En effet, à la différence de la Société du Canal Seine Nord Europe, qui est maître d’ouvrage et donc responsable de la construction de l’infrastructure, la Société du GPSO, dans la situation actuelle, n’est qu’une des parties prenantes du projet, chargée de contribuer à son financement.  C’est en fait le Comité de pilotage, co-présidé par le Préfet de la région Occitanie, le Président du Conseil Régional Occitanie et le Président du Conseil Régional Nouvelle Aquitaine qui garantira « la capacité d’action des maîtres d’ouvrage (SNCF Réseau et SNCF Gares et Connexions) à la conduite du projet dans les conditions de coûts et de délais prévus par les parties prenantes ». NB : SNCF Réseau qui peine à assumer son plan de charge de rénovation du réseau ferroviaire français a par la loi interdiction de financer des lignes nouvelles.

Cette structuration et la nomination des personnes siégeant aux différentes instances de la SGPSO s’est opéré en 2022 et 2023 : 

  • Étienne Guyot, Préfet de la région Occitanie et préfet coordonnateur du GPSO, a installé le 4 juillet le conseil de surveillance de la société du GPSO, réunissant les 25 collectivités territoriales finançant le projet, ainsi que SNCF Réseau et SNCF Gares et Connexions.
  • Carole Delga, présidente de la région Occitanie / Pyrénées-Méditerranée a été élue présidente du conseil de surveillance.

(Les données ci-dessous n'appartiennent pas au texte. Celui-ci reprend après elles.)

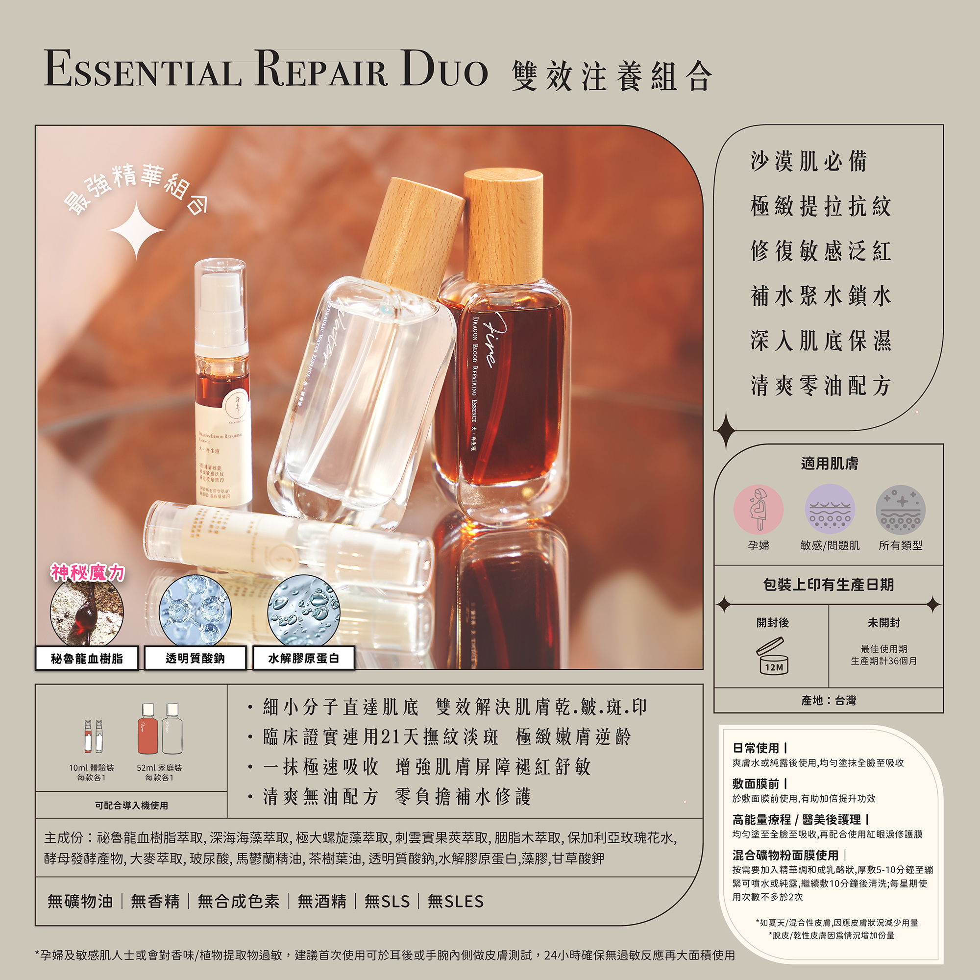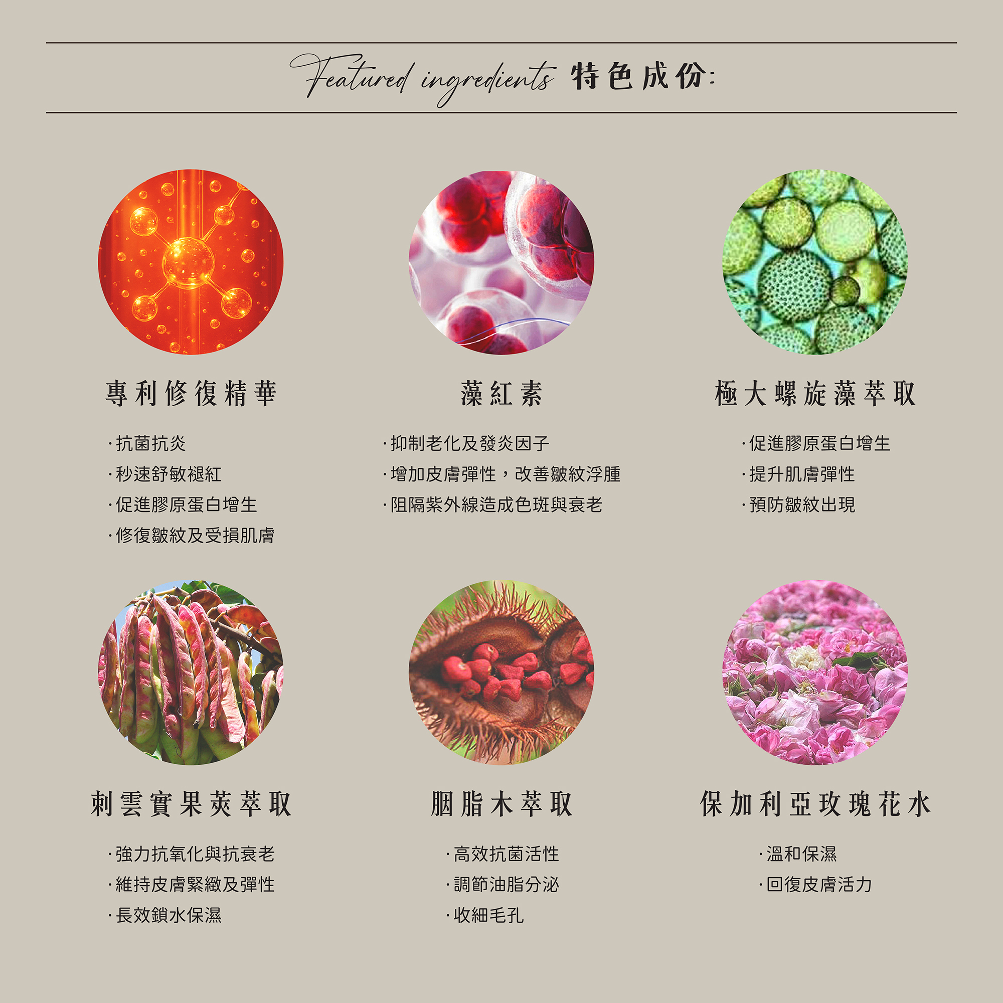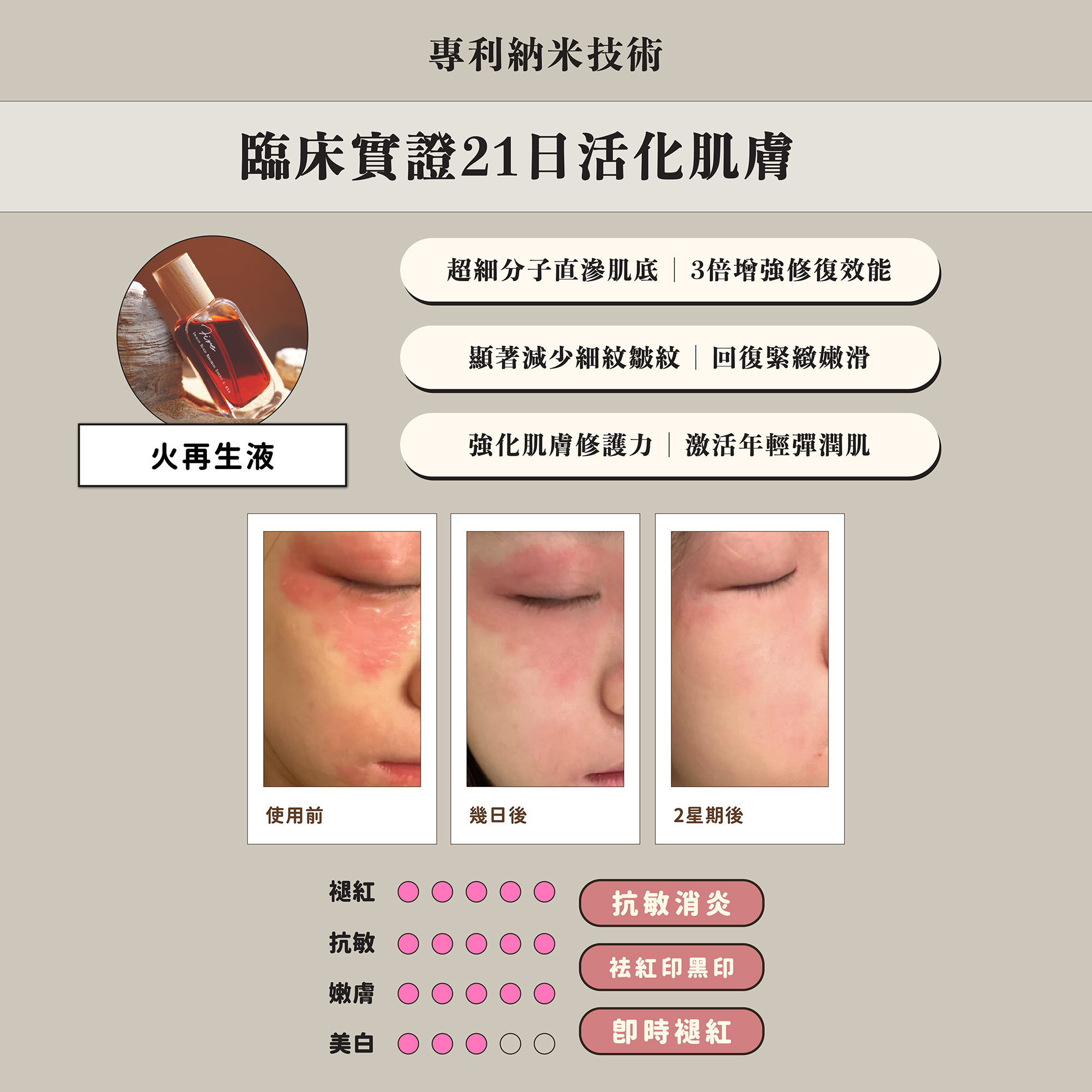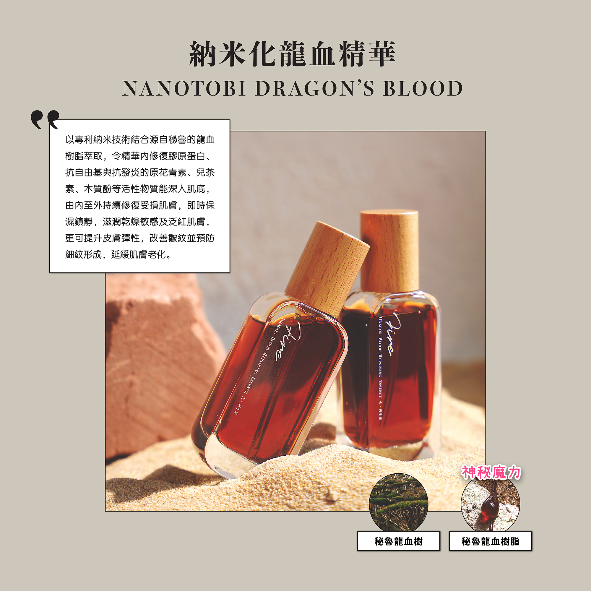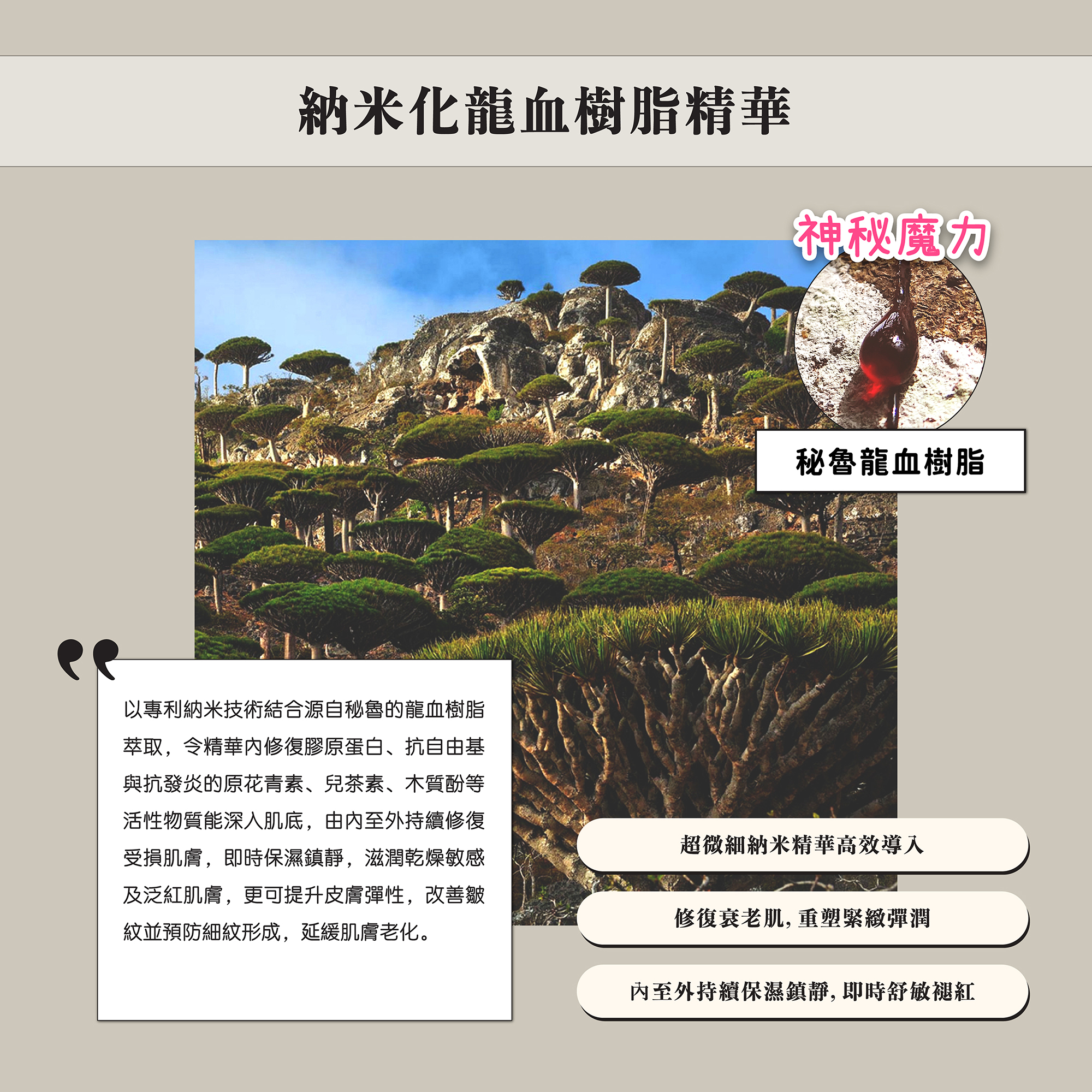 蘊含秘魯龍血樹脂萃取、深海海藻萃取、玫瑰純露3種超級護膚成分,配合升級納米化專利技術,每滴精華濃縮3倍滲透力、修復力、抗紋力,深入修復肌膚屏障,發揮抗老活膚功效,經臨床實測持續使用21天,有效改善皺紋、鬆弛、色斑、黑印、缺水、毛孔粗大和泛紅等七大肌膚問題

Georges Méric, président du conseil départemental de Haute Garonne et Alain Anziani, président de Bordeaux Métropole ont été élus vice-présidents.
  • Guy Kauffman est élu président du directoire la société de projet (SGPSO)
  • Le comité de pilotage a par la suite nommé six vice-présidents territoriaux : Jean Dionis du Séjour, Xavier Fortinon, Jean-Luc Moudenc, Alain Anziani, Michel Weill, Brigitte Barèges, Jacques Oberti, Charles Dayot.
 

Les décisions prises par ces conseils : signature de convention de financement et d’investissement

  • Le premier conseil de surveillance de juillet 2022 a acté une convention de financement prévoyant le versement par les collectivités à partir de 2023 de leur part au projet à raison de 1/40e chaque année pendant 40 ans, afin de permettre les levées de fonds nécessaire à la société du GPSO.
  • Un second conseil de surveillance en octobre 2022 a approuvé les trois conventions financières qui seront signées entre l’État, l’agence de financement des infrastructures de transport de France (AFITF), la société du GPSO, SNCF Réseau et SNCF Gares et Connexions pour un montant total de 67,474 millions d’euros.
  • Ces conventions permettront de démarrer :
    • les phases pré-opérationnelles du projet avec 58 M€ pour les lignes nouvelles Bordeaux-Toulouse et Bordeaux-Dax afin de poursuivre les études d’avant-projet détaillé et l’action foncière ;
    • les études préliminaires des gares nouvelles pour 3,974 M€ ;
    • une première tranche de travaux préparatoires et d’acquisitions foncières du projet des aménagements ferroviaires au nord de Toulouse à hauteur de 5,5M€.
 

Un fil twitter permet de suivre la structuration et les décisions prises par ces instances.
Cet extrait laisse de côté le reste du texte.